During the survey conducted by the INSPQ, only 3.7% of unvaccinated health workers said they were opposed to vaccines in general… against 12% among chronically ill people. Other studies also show that a very small minority of healthcare workers do not wantDon’t hear about vaccines.

Many of the reasons that can decrease the vaccination rate have nothing to do with ideology. The organization of vaccination campaigns matters a lot: if a health worker has to take time out of his rare moments of rest to travel to the other side of town to be immunized, he is more likely to spend his time. only if the vaccine is offered to him at his workplace while he is there.

The complex logistics of COVID vaccines, with their stringent cold chains and changing supplies, are a pitfall in themselves, but the way appointments are made, for example, can also influence the response rate of caregivers. . Only a few weeks from the start of vaccination, the whole system is still in the process of breaking in. And Quebec does not seem to be any worse off than the other authorities who, according to Ève Dubé, are all roughly at the same point.

Surveys in other countries have already shown that being among the first to receive these new vaccines worries many healthcare workers, an understandable reaction. But among those who are still hesitant, a certain number will probably take the vaccine a little later, once they have seen the reaction of their colleagues who are already immune, believes Ève Dubé.

Although very few strictly oppose vaccines, healthcare workers are far less knowledgeable about them than one might expect.

In the survey carried out in 2018, they were just as numerous as the general population, nearly 4 in 10 people, to estimate that vaccines can weaken the immune system – which is false -, and nearly 1 in 4 said he thought that alternative medicine could replace a vaccine – which is also wrong.

“Healthcare workers have roughly the same reservations as the general population with regard to vaccines,” explains Ève Dubé.

However, for the moment, the information provided to health personnel on this subject remains very imperfect. Before these vaccines were approved, in mid-December, governments did not work on the communication tools to deploy to fully explain the benefits and risks. “For the flu shot that comes back every year, we usually start thinking about communication strategies in the spring for the following fall. It is clear that COVID does not give us this latitude! »Recalls Ève Dubé. Many of the doctors working on the front lines have yet to receive little information about vaccines and have to scramble with whatever means to try to learn more.

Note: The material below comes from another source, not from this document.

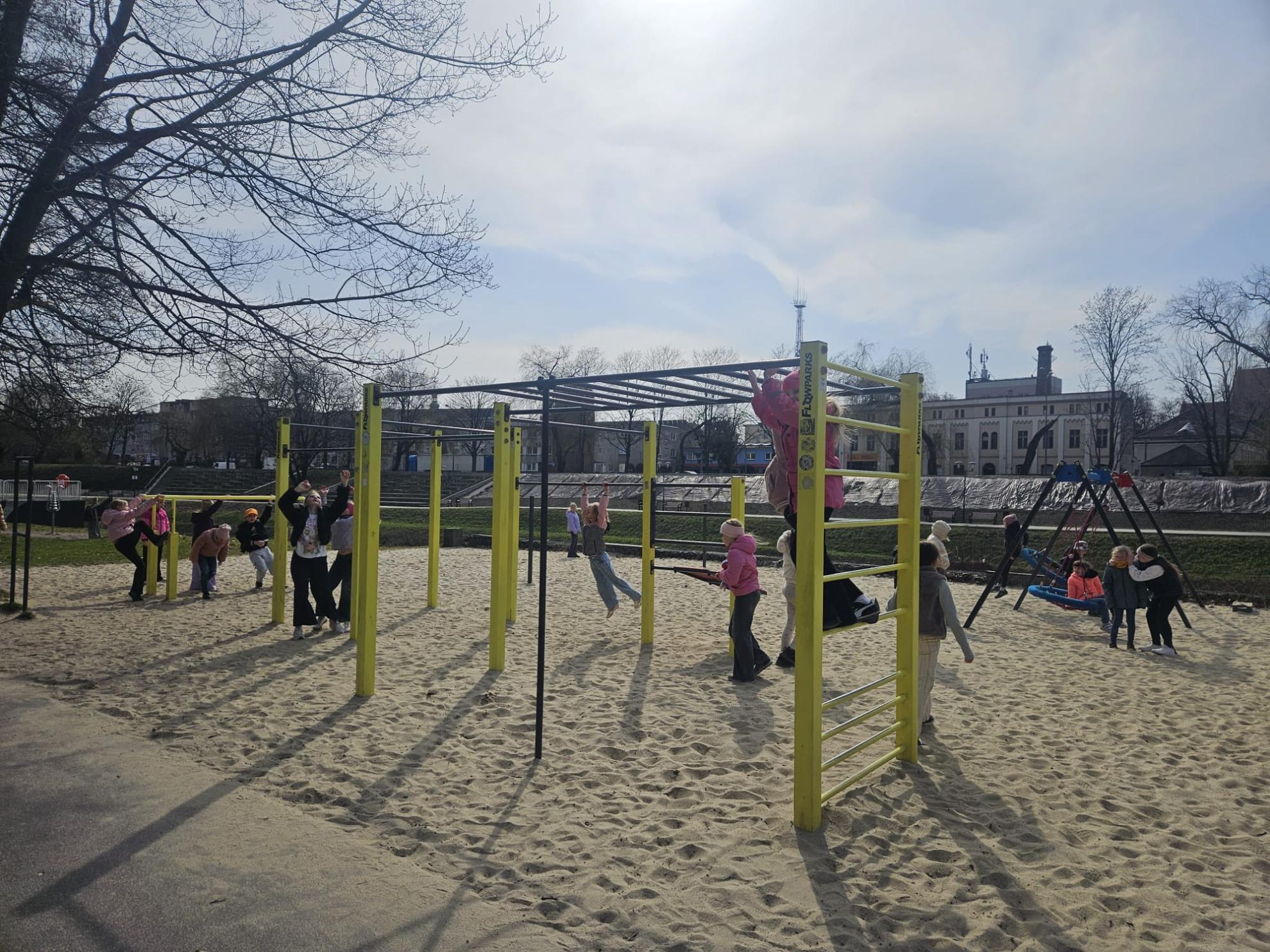 Na zakończenie wycieczki udaliśmy się do parku zamkowego, gdzie na dzieci czekała chwila aktywnego odpoczynku na świeżym powietrzu. Były wspinaczki, podciąganie się na rurkach, zabawa na huśtawkach i na ściance wspinaczkowej, a także gra na parkowych instrumentach. Radosna zabawa dostarczyła uczniom mnóstwo energii, uśmiechu oraz okazji do wspólnej integracji.

Exhausted and overwhelmed, workers are also plagued by directives of all kinds, a far from ideal situation to ensure that they have time to assimilate the information they need to make a decision.

Under these conditions, should vaccines be made compulsory for health workers? The answer given by the Quebec Public Health Ethics Committee joins that of many other bodies abroad: it is no.

The scientific literature on this subject is also illuminating. It is known that this measure can work when vaccination rates are very low – some states in the United States have seen a marked increase in the number of healthcare workers who have received the flu vaccine when it was imposed on them. But the exemptions for medical reasons, or in some religious cases, and the difficulty to apply the sanctions to the letter mean that where the vaccination rates are already high enough, the obligation does not change much. nothing.

There is also the very real risk of staunch opponents of vaccines quitting if forced to go against their beliefs, with the risk of losing arms in a system in dire need of it. Better an unvaccinated worker – but well equipped and conscientious to limit the risk of disease transmission – than no worker at all.